一向にこちらを見ようとしないクラウ目がけて駆け出していた。両手でその身体を包み込む。
「俺……ミユに合わせる顔がない。どんな顔してミユを見たらいいか分からないんだ」
クラウは身体を震わせ、嗚咽を漏らす。
「この手が、ミユを殺そうとした! 俺の、この手が……!」
感情に任せて泣き声を上げる彼が痛々しくて堪らない。気がつけば、私も泣いていた。
「心の闇とか、そんなの関係ない! 俺、なんてことを!」
「もう大丈夫だよ。一人で苦しまないで」
「えっ?」
今度は私が『大丈夫』の魔法をかけてあげる番だ。抱き締めたまま、クラウの胸に手を当てた。背中越しにも眩い光がほとばしっているのが伝わってくる。
「温かい」
ぽつりとクラウが呟いた。私の手に温かくて大きな手が触れる。
照れのせいなのか、寿命がすり減ったせいなのかは分からない。鼓動が若干速まった。
「オマエ、今のは何だ?」
「一日に一回、クラウの中にある心の闇を払えるんだって。これで、今日は胸が痛くなることも、倒れることもないよ」
「じゃあ、なんで水の神はそのことを言わなかったんだ?」
「この方法は、一時凌ぎなだけらしいの」
この頃になって、鼓動はようやく正常に戻っていく。
「根本的な解決にはなってねぇってことだな」
「うん」
残念ながら、今はそういう返答になってしまうだろう。
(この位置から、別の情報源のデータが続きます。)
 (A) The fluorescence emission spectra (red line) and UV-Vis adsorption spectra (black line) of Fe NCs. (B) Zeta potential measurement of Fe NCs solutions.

しかし、アレクはふと表情を緩めた。
「オマエらのそんな顔を見てたら、フレアに会いたくなっちまった。とりあえず、安心ってことで良いんだな?」
「うん」
「んじゃ、また後で様子見に来る。それまで思う存分、イチャイチャしてろ」
これもアレクの不器用な思い遣りなのだろう。そう思うと、不思議と怒りは沸いてこない。
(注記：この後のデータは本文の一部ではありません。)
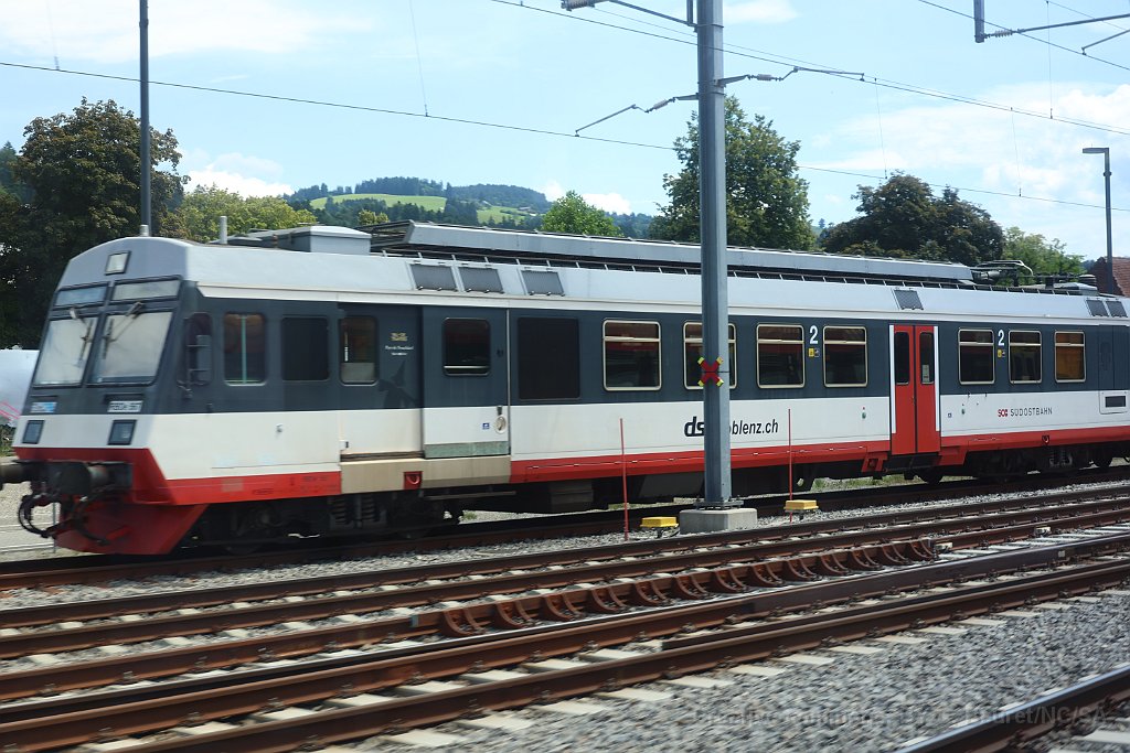 14 C'est la RBDe 567 317 ex-TRN qui porte encore sa dernière livrée TransN. Mais on devine encore la fée, logo du Val-de-Travers. De plus, elle porte aussi le logo SOB en plus de celui de dsf-Koblenz

アレクは背を向けたままで手を振り、静かにドアを閉める。久しぶりにクラウと二人だけの空間が出来上がった。クラウはゆっくりと振り向き、私を正面から抱き直す。その胸に顔を埋めると、穏やかな鼓動音と体温に、同時に触れられた。まるで陽だまりの中にいるようだ。
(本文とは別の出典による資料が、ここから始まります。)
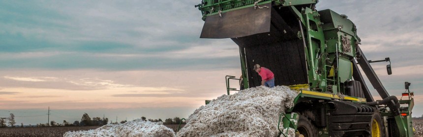 With cotton production at a 38 year low, Logan Dewitt and his father Allen (not pictured) experience technical difficulties with their picking machine in the cotton field on Nov. 5, 2015. The cotton picking machine fails to wrap the cotton, causing it to fall out unpackaged. This creates an unwanted delay for the farmers, as…

「あんなことがあったから、もうミユとは一生会えないだろうって覚悟してた。何より、嫌われただろうし、怖がられるだろうって。自分を殺そうとした相手を許せる筈がないって。カノンがそうだったじゃん? だから、ミユも……」
「クラウのことを嫌うなんて、怖がるなんて、私は絶対にそんなことはしないよ」
「ありがとう」
私を抱く手に力が入る。
「それにしても、神様に教えてもらった方法って、何で一時凌ぎなんだろう。力が枯れちゃうとか……そんな理由なのかな」
口が滑りそうになるのを必死に抑えた。私一人の命だけでは闇を葬れないなんて、寿命を縮めるなんて、口が裂けても言えない。
「う〜ん、分かんないけど……そんな理由なのかなぁ……」
「ミユもはっきりしてないんだね」
上手くはぐらかせたようだ。いつまでも上手く嘘が吐けるとは限らない。今のうちに話題を変えてしまおう。
そうだ、私は王に言われたではないか。世界の根幹に関わることを。みんなに共有する前に、まずはクラウに伝えてみよう。
「私ね、エメラルドの王様に会ってきたの」
「うん。それはフレアから聞いてる」
「それで、王様に言われたの。『愚かな行い』の内容と、他にも色々」
「うん」
クラウが生唾をごくりと呑む音が聞こえた。
「王族の『愚かな行い』は、人の負の感情を星の中央に追いやること。その追いやられた闇が耐え切れなくなって」
「『影』が誕生した」
「そういうことなんだと思う」
クラウは「なるほどね……」と呟き、思考を巡らせているようだ。間を置き、他の情報も開示していく。
「あと、王様は神様には会えないんだって」
「どうして?」
「それは分かんないけど……その時に聞かれたの。『デュ』の名の意味を忘れたのかって」
「『デュ』の名の意味?」
抱かれながら、小さく頷いてみせる。
「俺も分からないな……。でも、カイルたちなら知ってるのかも」
「使い魔が?」
「ほら、使い魔は何千年も、何万年も生きてるからさ」
そうか、その手があった。何か知っていそうな使い魔たちに、直接聞いてみれば良いのだ。
「話してくれるかなぁ」
「聞いてみなきゃ分からない。でも、聞く価値はあると思う」
見上げてみると、ようやくクラウは私を見てくれた。目は腫れているけれど、儚く微笑んでいてくれる。
次の行動は決まった。あとはアレクとフレアにも意見を求めるだけだろう。動き出さなくては、現状は変わらないのだから。